Blindsight

About the book

Book author: Peter Watts

Peter is a Canadian author, and also a PhD in marine biology. He is now writing hard sci-fi because he got tired of his field being full with various interest groups. The book is about first contact with super advanced aliens. The book explores various themes of identity, consciousness, free will, artificial intelligence, neurology, and game theory as well as evolution, biology and transhumanism. Due to this it is a rather complicated read. It’s really putting “hard” in “hard sci-fi” in my opinion.

Siri Keaton is a crew member of Theseus, sent to investigate a signal in the Oort cloud. This was prompted by Earth being probed by billions of lights during an event known as Firefall, announcing the presence of aliens in the solar system. The other hyper-specialist and cybernetically enhanced crew members are a linguistic woman with 3 other personalities in her head, a combat specialist, a biologist and a vampire. Then we also have The Captain, which is Theseus own artificial intelligence.

Reflection and takeaways

This contains spoilers

I liked that this book is somewhat dystopic. Any encounter like this has no real guarantee of a happy ending.

While I’m personally not so keen on transhumanism and cybernetic enhancements, they made some good arguments for it in the book. The enhanced were able to hyper-specialise and become really good at specific tasks. The non-uplifted just can’t compete and aren’t really useful anymore. The other alternative is to enter Heaven, the VR world where you can upload yourself. The others are called “Realists” and they are just stuck doing terrorism acts, like sabotaging VR-Heaven. Change is inevitable, and it even argued for that in the books.

Blindsight explores the idea of intelligence without consciousness in depth. It is theorized that these aliens are a very advanced hivemind – meaning extremely intelligent but not conscious. The biologists in the book point out that consciousness and the ego take a lot of upkeep, and that humans could technically be an oddity in the universe because we have it.
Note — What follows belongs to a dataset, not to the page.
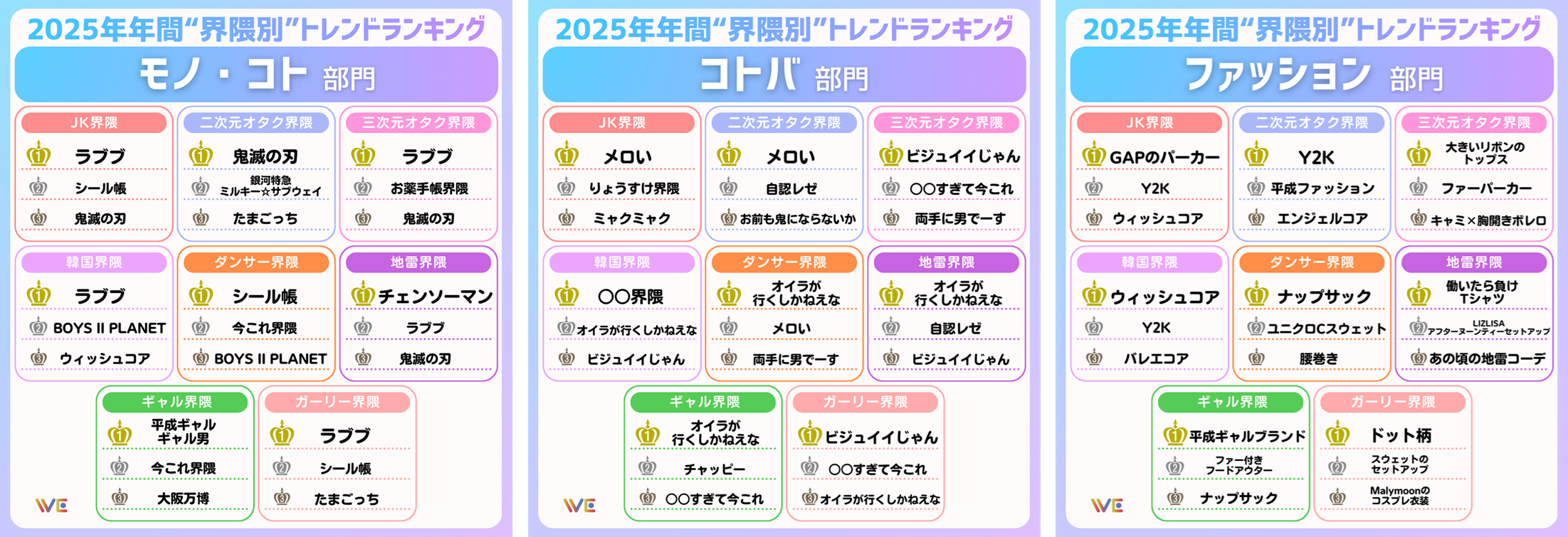 「2025年年間Z世代が選ぶ!"界隈別"トレンドランキング」→https://labo.wego.jp/2025-trendranking/

Consciousness can’t compete with sufficiently advanced intelligence due to all that extra cognitive overhead. It takes a lot of energy to motivate you do to do tasks, which isn’t very darwinian. Also, the vampire argues that maybe consciousness and humans have stopped evolving, because at some civilization stage it becomes survival of the adequate instead of survival of the fittest. Consciousness can even be fooled, much like Rorschach is manipulating the crews perception and senses. And the question is – is consciousness necessary to do whatever life is doing? Anthills and beehives are very successful but the “hive” super-entity isn’t intelligent or conscious, and not ants either, however it’s intelligence is emergent.

The little communication they had with Rorschach, as the alien vessel called itself, was interesting. They determined that this intelligence lacked semantic understanding. What does that mean? They discovered that it was actually a ChatGPT/Chinese room agent that they were talking to. It didn’t know what it was saying, but communicated anyway – maybe to protect itself or buy time. The idea explored here is that dialogue / language can be deconstructed and computed as a function, which we know is possible now with LLM’s, but that certainly wasn’t a mainstream thought in 2006 when this book came out.
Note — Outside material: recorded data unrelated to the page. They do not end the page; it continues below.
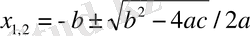 ах 2 +bx+c=0, a≠0 (1) квадраттық теңдеуінің нақты түбірлері бар болады, егер оның дискриминанты теріс емес болса:
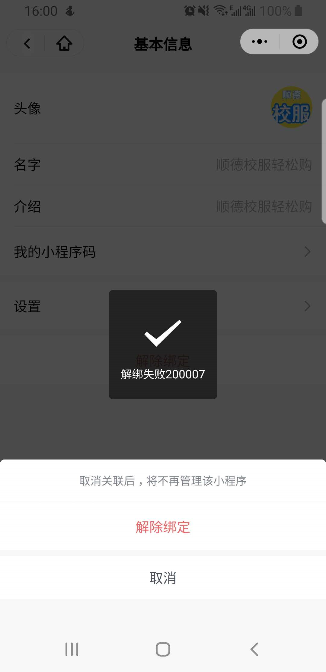 小程序助手,无法操作解除绑定。操作解除绑定时显示错误
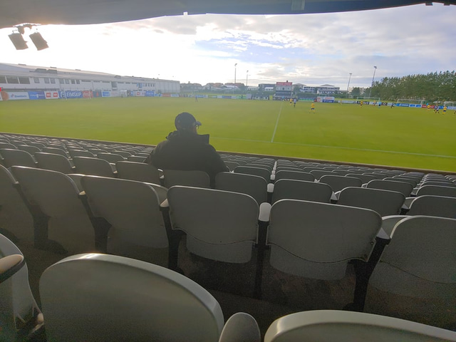 Elvar Geir Magnússon er á Meistaravöllum fyrir hönd Fótbolta.net og hann tók meðfylgjandi myndir. Ansi tómlegt er um að litast en einn einstaklingur situr í stúkunni. Það er Halldór Breiðfjörð, eftirlitismaður KSÍ.
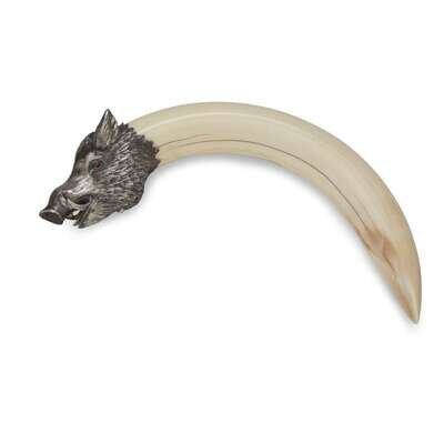 Naturalistically modeled and cast in the form of a boar with cabochon gem-set eyes, the snout mounted with a sprung cutting mechanism with release button below jaw, apparently unmarked.

We also learned that almost everything that happened in the book was precalculated by this intelligence. It’s just not possible to compete when it is sufficiently advanced.
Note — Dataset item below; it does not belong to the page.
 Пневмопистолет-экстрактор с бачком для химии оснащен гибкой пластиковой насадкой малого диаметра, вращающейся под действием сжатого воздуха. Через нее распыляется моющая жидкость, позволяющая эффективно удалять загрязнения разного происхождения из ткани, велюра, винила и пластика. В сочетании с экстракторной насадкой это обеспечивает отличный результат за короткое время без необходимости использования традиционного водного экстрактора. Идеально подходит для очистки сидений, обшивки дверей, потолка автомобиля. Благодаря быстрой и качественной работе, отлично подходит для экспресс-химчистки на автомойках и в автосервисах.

I’m thinking if we ever develop AGI and AI singularity happens, it could be familiar to this novel. Rorschach is a kind of intelligence is just so different. We don’t even know what it does or why, it just doesn’t follow the logic as biological humans do. It might not have urges or a sense of self-preservation, or want to grow or explore. Intelligences that are not conscious does not necessarily have similar drive or goals as us, and so they really are alien.

Why did I pick it

Remarked somewhere to be a really good sci-fi book.

Verdict

3.55. It invoked many cool thoughts and things to think about, but reading it was hard at times. I guess my imagination didn’t keep up too well to picture all the events in my minds eye.